There is a long held and direct connection between New York’s economic vitality and its role as the country’s leading center of the arts. Great wealth, created and headquartered here, has brought a strong philanthropic tradition eager to create world class cultural institutions which bear names like Carnegie, Frick, Guggenheim, Rockefeller and Whitney , to name just a few.  You see those names across many of our most prominent cultural institutions though they are the old guard. Some of the more recent philanthropists include names like Bloomberg, Schwarzman, Geffen, Diller, and Lauder. Some of their names have supplanted older institutional names, which is the prerogative of the mega donor, and they have contributed hundreds of millions of dollars to institutions like the NY Public Library, the Whitney Museum, Lincoln Center and the High Line.




The relationship between artistic effervescence and the city’s economic power is direct and symbiotic, but the larger, well known museums and concert halls are only the tip of the iceberg. In a city whose artistic vibrancy is ascendant in every branch of the arts, there are many locales and groups other than our best known cultural centers where creativity flourishes. These are the incubators and trend setters of what is developing. Those efforts are often sustained through philanthropy as well. For example, former Mayor Bloomberg gave away $254 million in 2009 to almost 1,400 nonprofit organizations.
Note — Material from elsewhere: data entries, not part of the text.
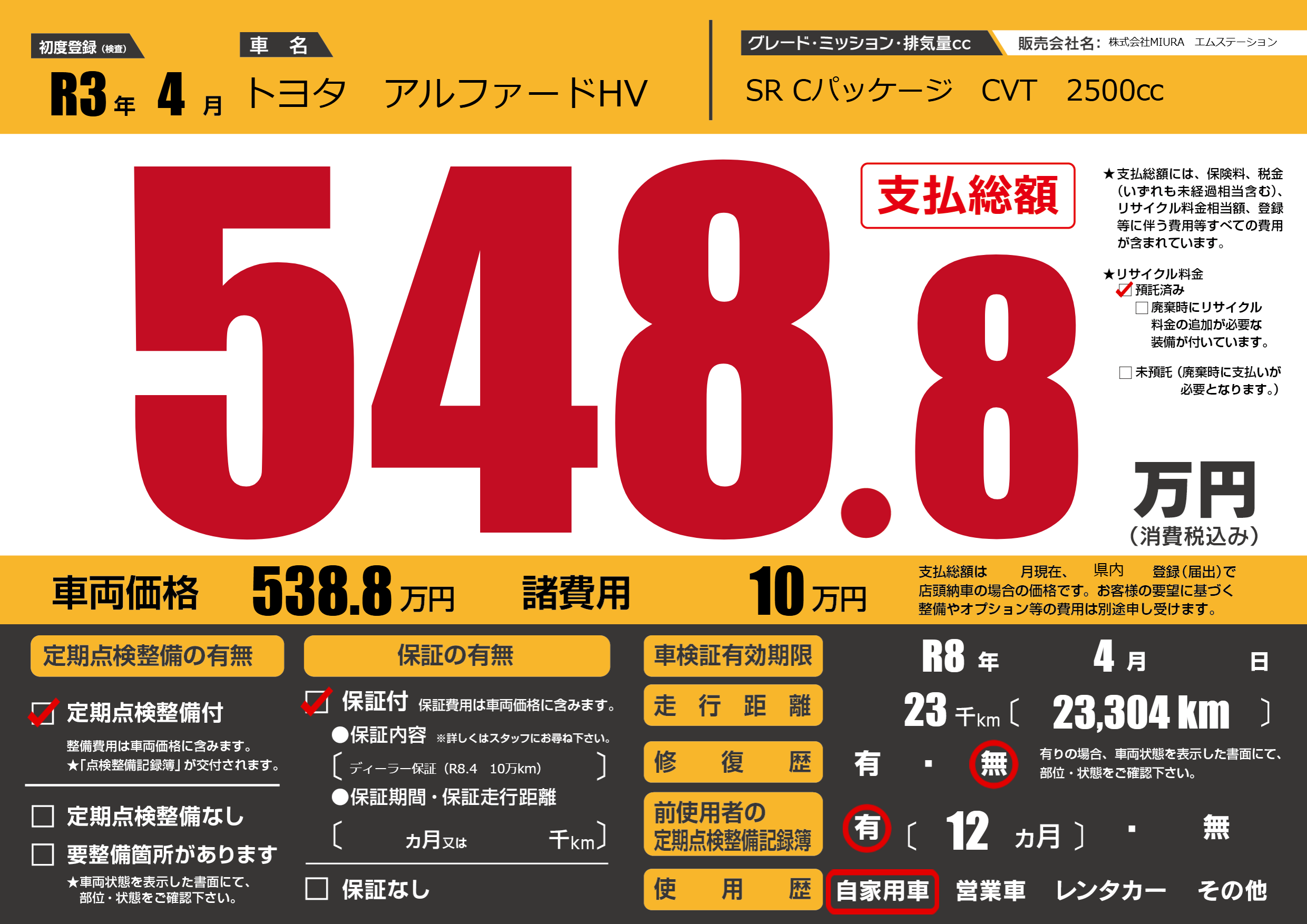 | 車検制限 | R8年 4月 - 日 | ||
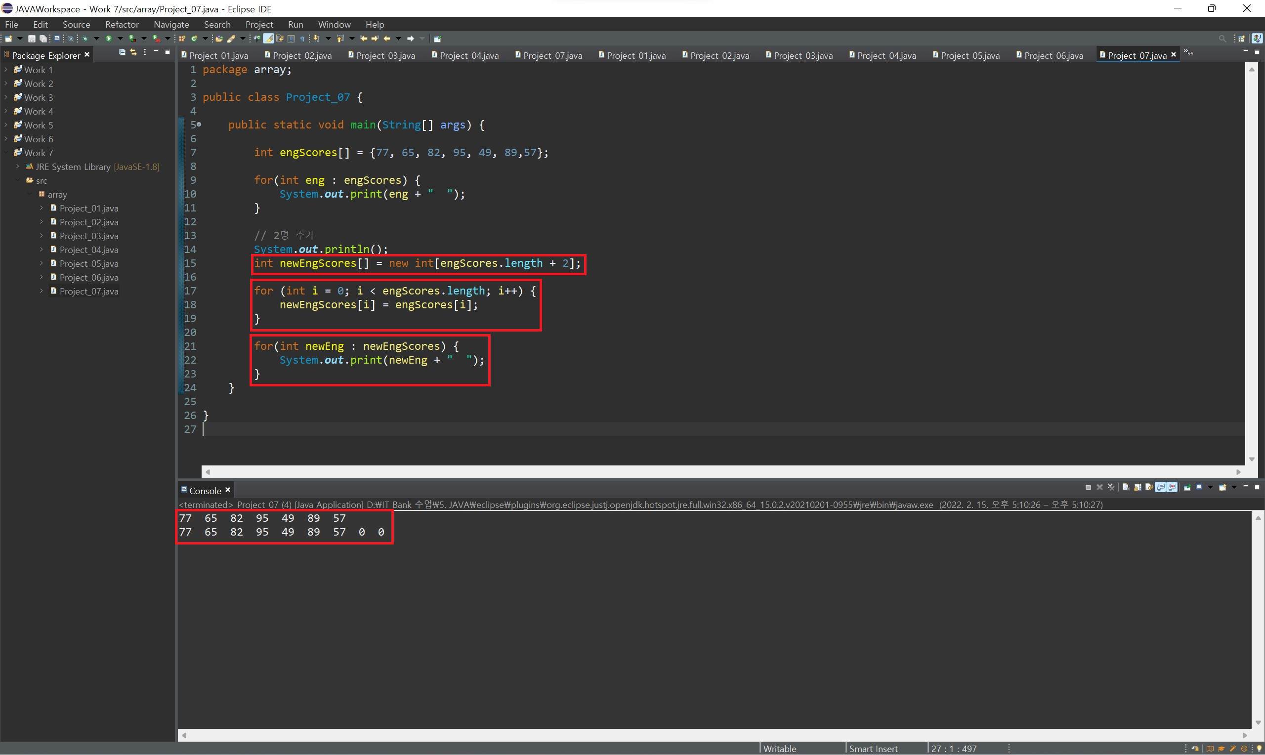 값의 목록을 가지고 있지는 않지만, 나중에 값들을 저장할 배열을 미리 만들어 둘 때는 new 연산자로 배열을 생성하면 됩니다. 자료형[] 변수명 = new 자료형[배열의 길이]; 형식으로 작성해 길이가 정해진 배열을 생성해 주고 나중에 변수명[index] = 값 형식으로 값을 지정해 줄 수 있습니다.
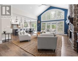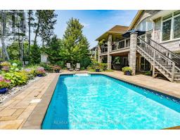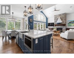 Welcome to this stunning executive bungalow, a short walk to the harbour and Main Beach, in one of Port Elgin's most sought-after neighbourhoods.This home features a stone exterior on a beautifully landscaped, fully fenced lot with a saltwater pool, hot tub, outdoor fireplace, and sprinkler system, all backing onto a mature forest for exceptional privacy. Inside, enjoy an open-concept main floor with quality finishes including hardwood floors, California shutters, and upgraded lighting. The great room features a soaring cathedral ceiling, abundant natural light, and a gorgeous stone fireplace. The heart of the home features a chef's kitchen - equipped with Jenn-Air appliances: a 48" convection range featuring six burners and a double oven. French-door refrigerator, drawer microwave, wine fridge, and dishwasher. White cabinetry, a striking island with stone countertops, and a custom walk-in pantry complete the space. The generous eat-in area overlooks the backyard and walks out to a spacious deck and covered outdoor living area, ideal for entertaining or relaxing by the pool. A separate dining room with a coffered ceiling and French doors offers space for formal gatherings. The primary suite is a luxurious retreat with an oversized shower, soaker tub, and large walk-in closet. Two additional bedrooms on the main floor, each feature 4-piece ensuites and walk-in closets. A stylish powder room for guests, laundry, and heated double garage complete the main floor. The finished walk-out basement includes a cozy sitting area with fireplace, wine cellar, a large family media space, and wet bar. Two guest bedrooms with walk-in closets, full bathroom, plus storage, a workshop, and cold room complete the lower level. With upgrades and details too numerous to list - this home is truly a must-see! Located close to the Lake, trails and all Saugeen Shores has to offer, this is a rare opportunity, you won't want to miss it. (id:50886)
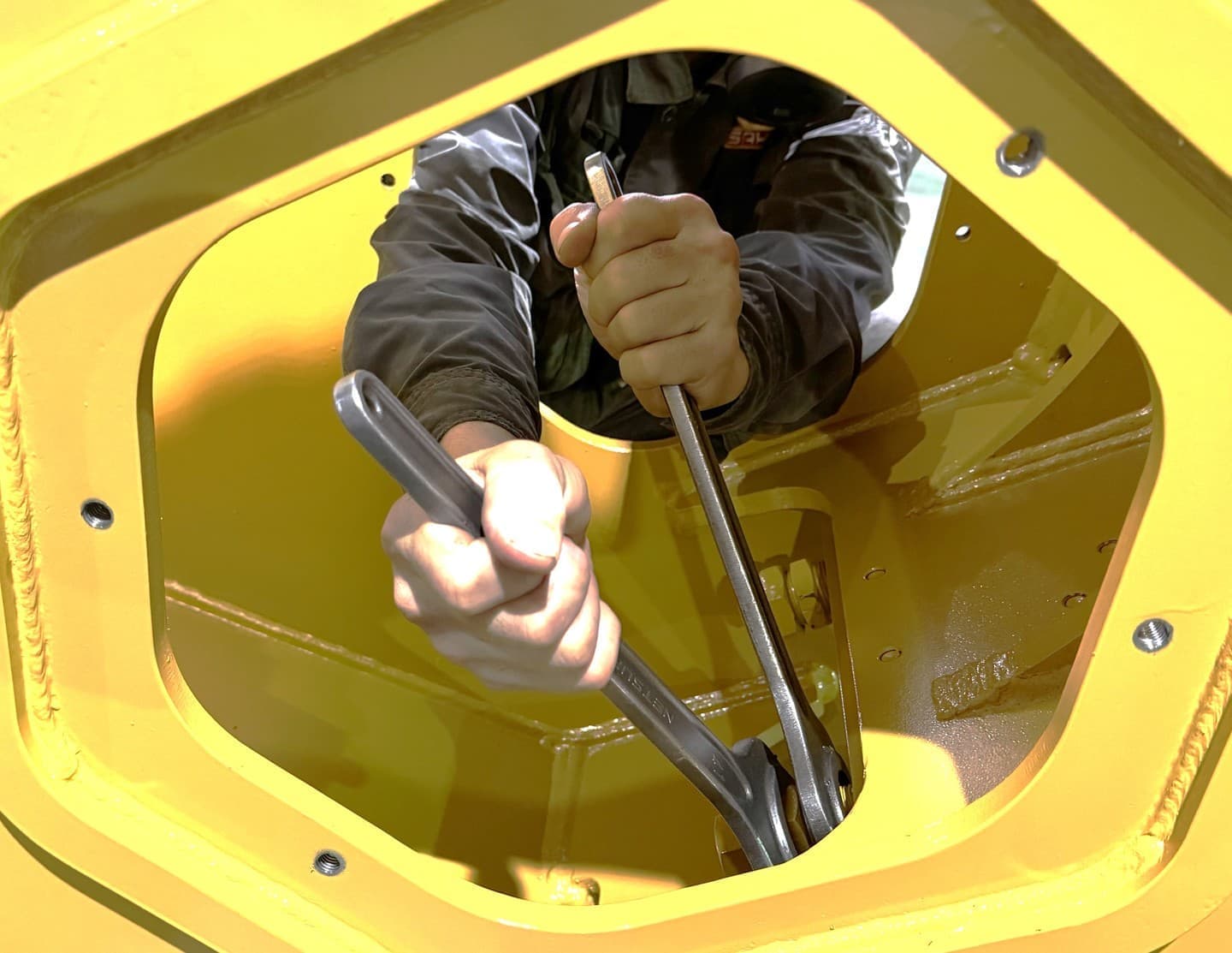 現場でのホース交換をよりスムースにするために点検口を広げました。両腕が入るので組付けしやすく、パイプで延長したスパナも楽に締められます。側板自体は厚みを増やして強度を維持しました。
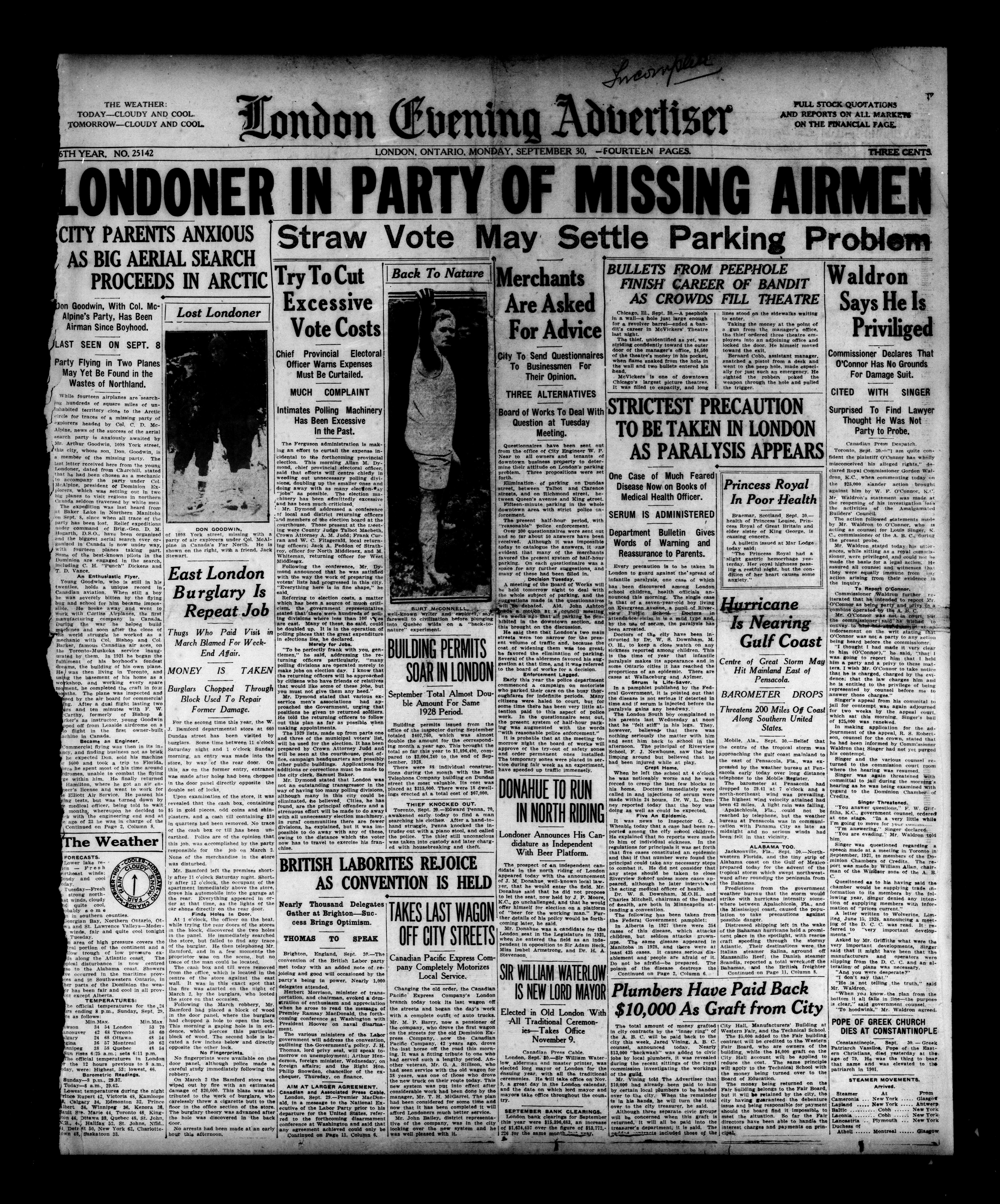 London, Ontario : London Advertiser Company, Limited, [1929]; 14 images, 0 avec recherche en texte intégral
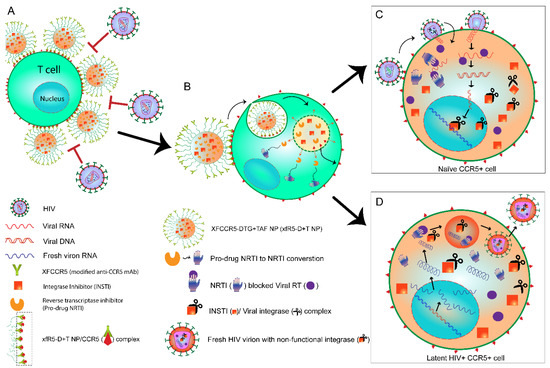 Schematic diagram explaining the dual-action strategy of targeted cARV-nanoformulation. (A) The first level of protection: Anti-CCR5 mAb+ ARVs loaded NP bound on the T-cell surface via CCR5 receptor (xfR5-D+T NP/CCR5 complex) blocks HIV interaction with CCR5 on the T-cell surface by two approaches, i.e., first, by blocking HIV from CCR5 binding and the second, providing steric hindrance to HIV virions due to nanoformulation crowding on T-cell surface (red block arrows) [30]. (B) The xfR5 D+T NP/CCR5 complex triggers the CCR5 trafficking pathway due to anti-CCR5 mAb binding with the CCR5+ T-cells [31], leading to the internalization of xfR5 D+T NP. Within the endosome, the low pH induces the degradation of polymeric NPs, leading to the release of DTG (INSTI)and TAF (NRTI) into the cytoplasm. The second level of protection: the presence of an intercellular pool of TFV di-phosphates and DTG to prevent (C) naive cell HIV infection. (D) The latently HIV+ cells with free intracellular high-affinity DTG (INSTI), will bind with fresh integrase enzymes produced during the reactivation stage, resulting in a non-functional INSTI/integrase complex; therefore, fresh HIV virions thus produced will be with non-functional INSTIs, and, fresh virion will not be able to integrate viral DNA into the host genome.
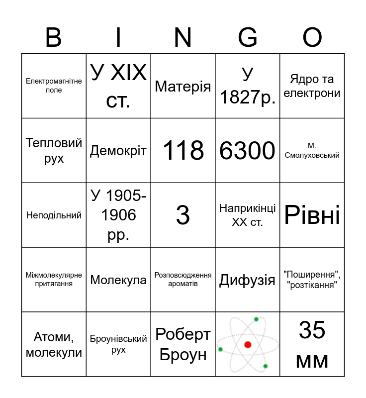 This bingo card has 1 images, a free space and 23 words: Атоми, молекули, Молекула, 118, Ядро та електрони, Електромагнітне поле, У ХІХ ст., Матерія, Наприкінці ХХ ст., Рівні, Неподільний, Демокріт, Дифузія, "Поширення", "розтікання", Тепловий рух, Броунівський рух, Роберт Броун, У 1827р., M. Смолуховський, Міжмолекулярне притягання, У 1905-1906 рр., Розповсюдження ароматів, 6300 and 35 мм.
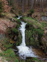 Jaruščin vodopád se nachází na Osvinovském potoce zhruba 100 metrů nad místem, kde potok překonává
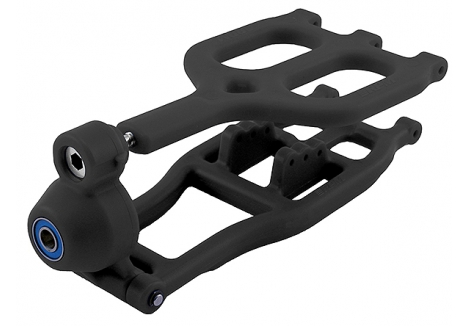 The RPM True-Track Rear A-arm Conversion kit eliminates one of the biggest headaches associated with the incredibly popular Maxx line of trucks. Rear toe angles are nearly impossible to set accurately and there isn't a gauge currently made that can tell the T-Maxx / E-Maxx owner if each individual wheel's toe angle is set correctly in relation to the chassis. Our rear end kit completely eliminates the rear toe link, locking in the rear toe angle at a solid negative 1.5 degrees per side for a total rear toe of negative 3 degrees (of Toe-In), effectively eliminating rear bump steer! Our design retains the stock upper pivot ball in the RPM axle carrier to allow precise camber adjustments while the lower pivot ball has been eliminated in favor of a rock-solid, beefy 4mm diameter hinge pin that locks-in the rear toe angles for race winning consistency. All aspects of the RPM rear end conversion have been beefed up for rugged durability and slop free movement throughout its range of travel. We've completely redesigned the rear end yet all stock suspension geometry has been retained. Additionally, we've incorporated our oversized bearings (3mm larger in diameter than stock) into the design, providing 2mm more bearing contact with the axle while doubling the bearing load rating & tripling the fatigue rating over stock bearings. So does all this add weight? Not a single gram! The entire RPM rear end kit weighs in at exactly the same as the stock components that are replaced!

The city’s artistic showcases, formerly largely centered uptown, long ago spread to (now former) grittier neighborhoods of Manhattan like Chelsea, Soho, Tribeca, and the Lower East Side. Those moves, in turn, have spread to Brooklyn , with Williamsburg and Bushwick leading the way. In Queens Long Island City’s PS 1, now connected to MoMA, is the epicenter of that community’s artists. And in the Bronx Mott Haven has become a haven for local artists and performers, as is Snug Harbor on Staten Island.



These moves to other, formerly far flung areas, are primarily economic. Where formerly, the artistic vanguard was largely located in downtown Manhattan, this is no longer possible with the exorbitant rents of Manhattan. The aspiring playwright or musician can no longer find the little garret apartment on Charles or Bleecker St, or even Avenue C. This has caused those communities to spread out to more affordable neighborhoods, all over town.

New York City’s explosive growth occurred as the center of American commerce. In turn it is also became the primary trading zone of artistic and creative services.


As long as the city leads the nation in raising capital, it will remain the country’s creative capital as well.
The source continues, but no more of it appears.